* **The problem**
Keep images out and repeat all data exactly.

BEGIN Data

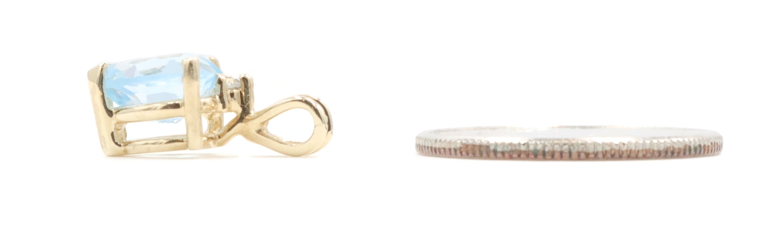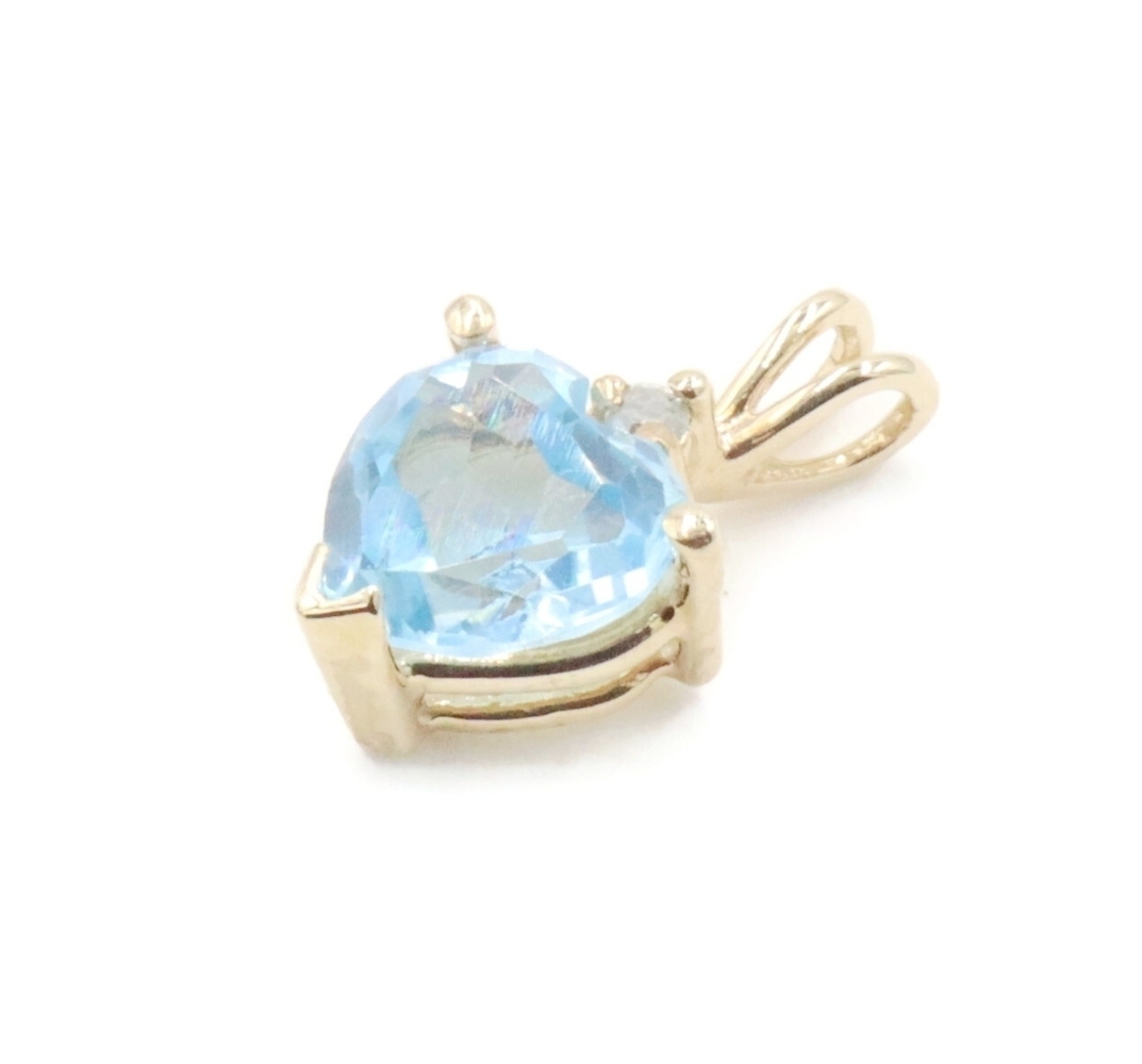 1.10 Ct Heart Cut Blue Topaz Gemstone & Diamond Accent 10KT Gold 13.9mm Pendant. This pendant is approximately 13.9mm in length (including the bail) and 7.9mm in width.
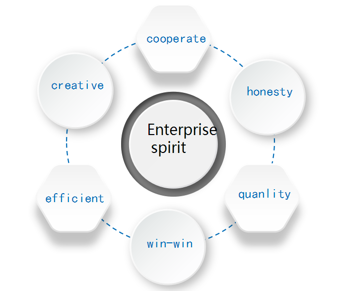 Enterprise spirit: efficient, pragmatic, innovative, honest, quality, efficient, cooperation, win-win Business
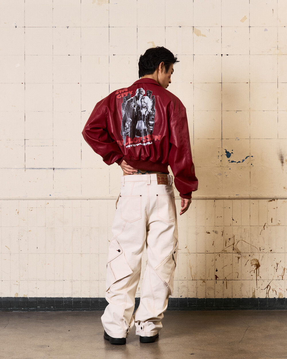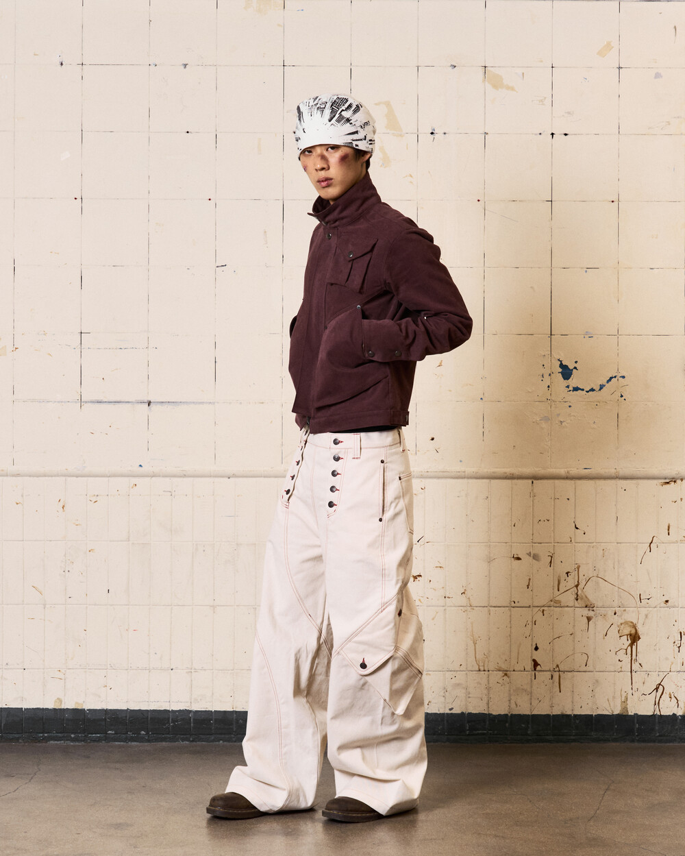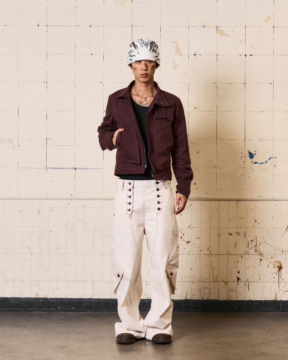 - 버튼플라이(뎅고)를 양쪽에 더블로 배치한 디테일의 와이드핏 카고데님입니다.
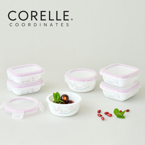 [코렐] 코디네이츠 밀크글라스 밀폐용기 산호세 혼합 6종
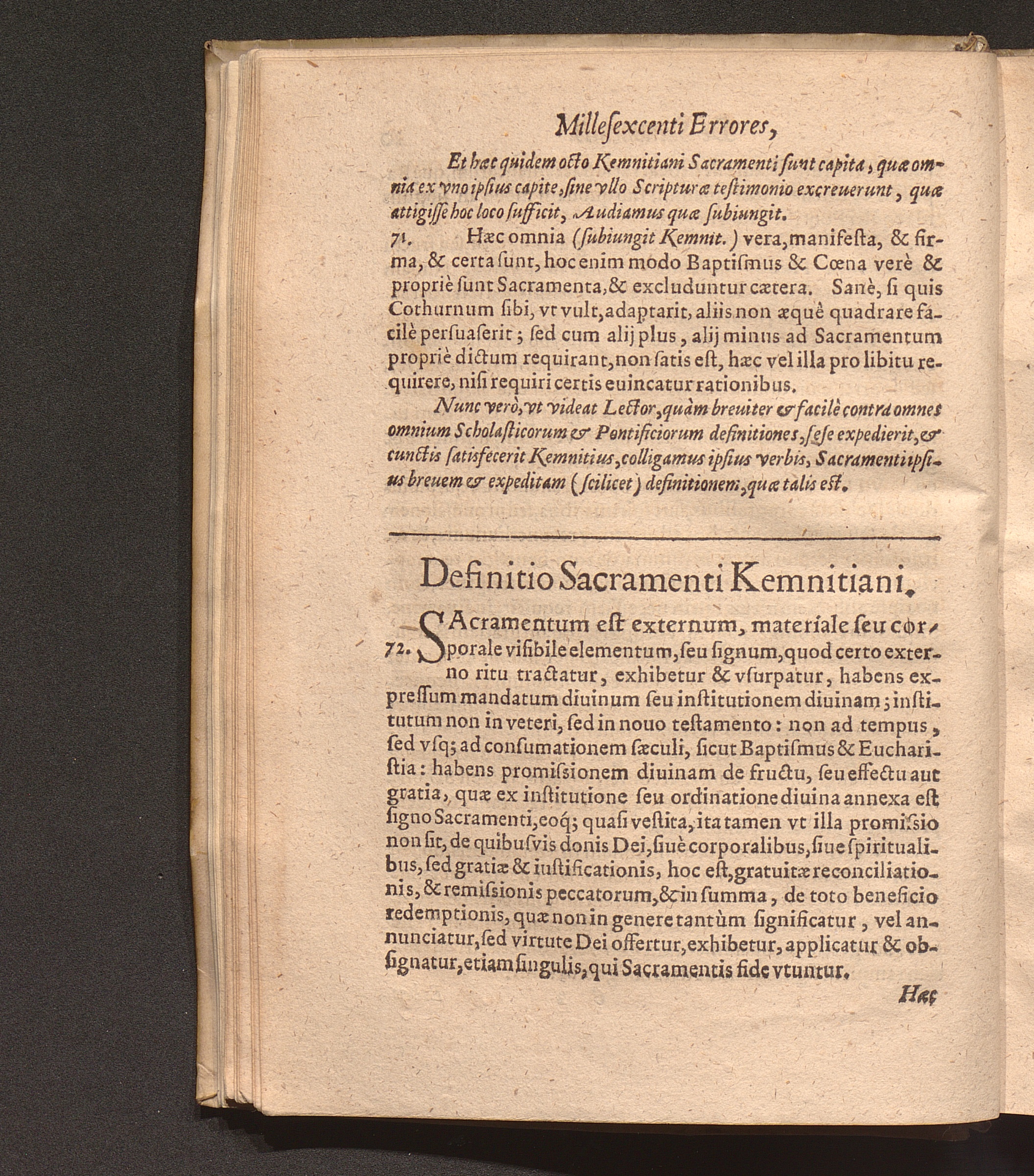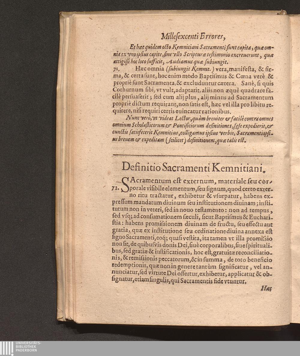 De Sacramentis, Mille Sexcenti Errores, Vaniloqvia, Et Cavillationes : Eorum, qui hoc tempore ab Ecclesia secesserunt Catholica, cum breui eorundem refutatione / Pleriq[ue] collecti ex Kemnitio. Per Vitvm Miletvm Gamvndianvm, S. Theologiæ Doctorem
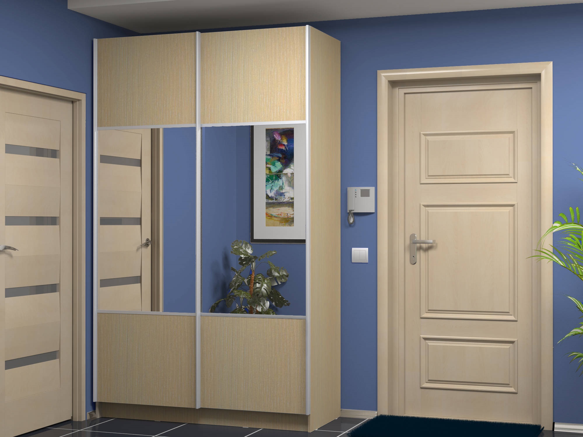 Количество дверей зависит от ширины вашего шкафа, но минимум их две. Если Вы еще не определились с количеством дверей, можете почитать эту статью.
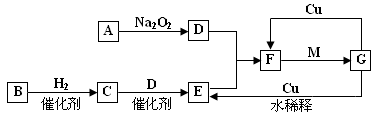 5、填空题 下图表示由短周期元素组成的一些物质之间的转化关系(某些反应产物已略去)。各方框表示有关的一种反应物或生成物(某些物质已经略去),其中A、B、D在常温下均为无色无刺激性气味的气体,C是使湿润的红色石蕊试纸变蓝的气体,M是最常见的无色液体。
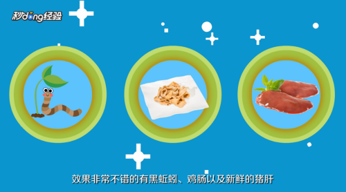 4效果非常不错的有黑蚯蚓、鸡肠以及新鲜的猪肝。
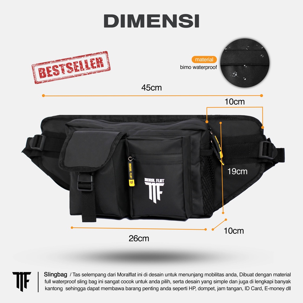 MORAL FLAT -TAS PRIA SELEMPANG - TAS SELEMPANG ANTI AIR - TAS BAHU PRIA - HITAM
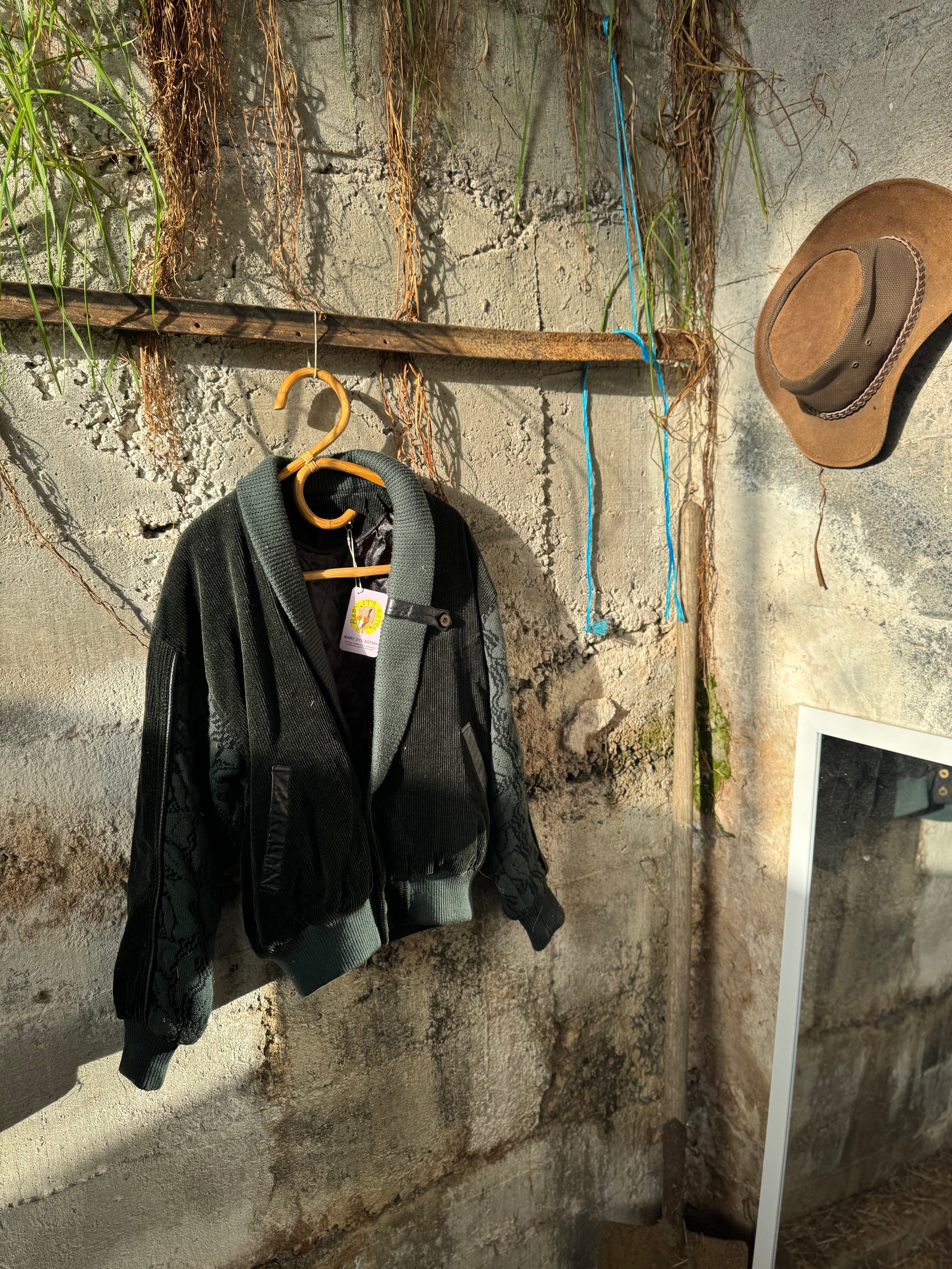 Corduroy, leather and knitted bomber jacket. Unsure of composition.
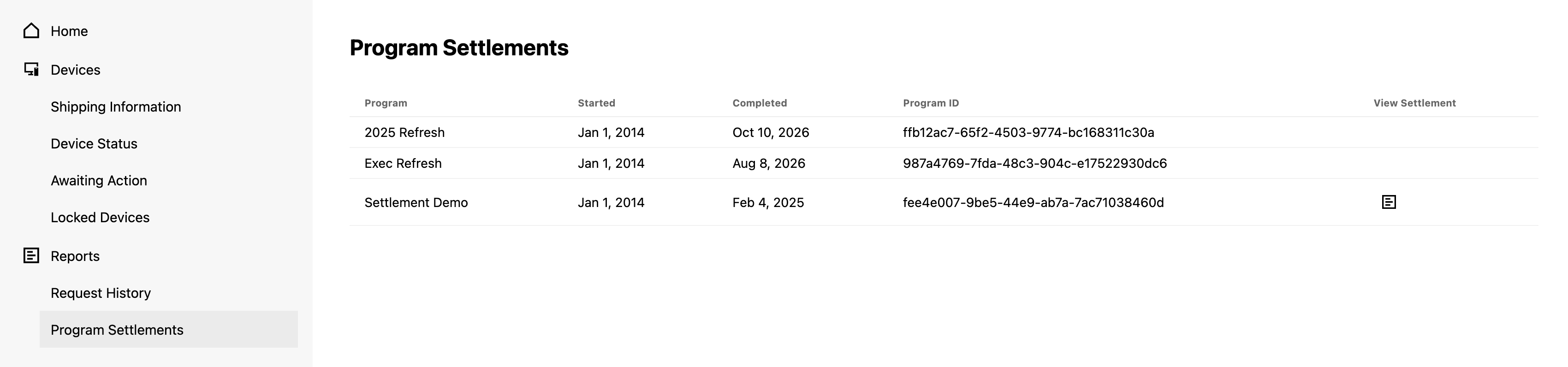 The Settlement Report provides a financial overview at the conclusion of a recovery effort focused on a targeted quantity of leased devices.

END Data

* **Response to this task**
 1.10 Ct Heart Cut Blue Topaz Gemstone & Diamond Accent 10KT Gold 13.9mm Pendant. This pendant is approximately 13.9mm in length (including the bail) and 7.9mm in width.
 Enterprise spirit: efficient, pragmatic, innovative, honest, quality, efficient, cooperation, win-win Business
 - 버튼플라이(뎅고)를 양쪽에 더블로 배치한 디테일의 와이드핏 카고데님입니다.
 [코렐] 코디네이츠 밀크글라스 밀폐용기 산호세 혼합 6종
 De Sacramentis, Mille Sexcenti Errores, Vaniloqvia, Et Cavillationes : Eorum, qui hoc tempore ab Ecclesia secesserunt Catholica, cum breui eorundem refutatione / Pleriq[ue] collecti ex Kemnitio. Per Vitvm Miletvm Gamvndianvm, S. Theologiæ Doctorem
 Количество дверей зависит от ширины вашего шкафа, но минимум их две. Если Вы еще не определились с количеством дверей, можете почитать эту статью.
 5、填空题 下图表示由短周期元素组成的一些物质之间的转化关系(某些反应产物已略去)。各方框表示有关的一种反应物或生成物(某些物质已经略去),其中A、B、D在常温下均为无色无刺激性气味的气体,C是使湿润的红色石蕊试纸变蓝的气体,M是最常见的无色液体。
 4效果非常不错的有黑蚯蚓、鸡肠以及新鲜的猪肝。
 MORAL FLAT -TAS PRIA SELEMPANG - TAS SELEMPANG ANTI AIR - TAS BAHU PRIA - HITAM
 Corduroy, leather and knitted bomber jacket. Unsure of composition.
 The Settlement Report provides a financial overview at the conclusion of a recovery effort focused on a targeted quantity of leased devices.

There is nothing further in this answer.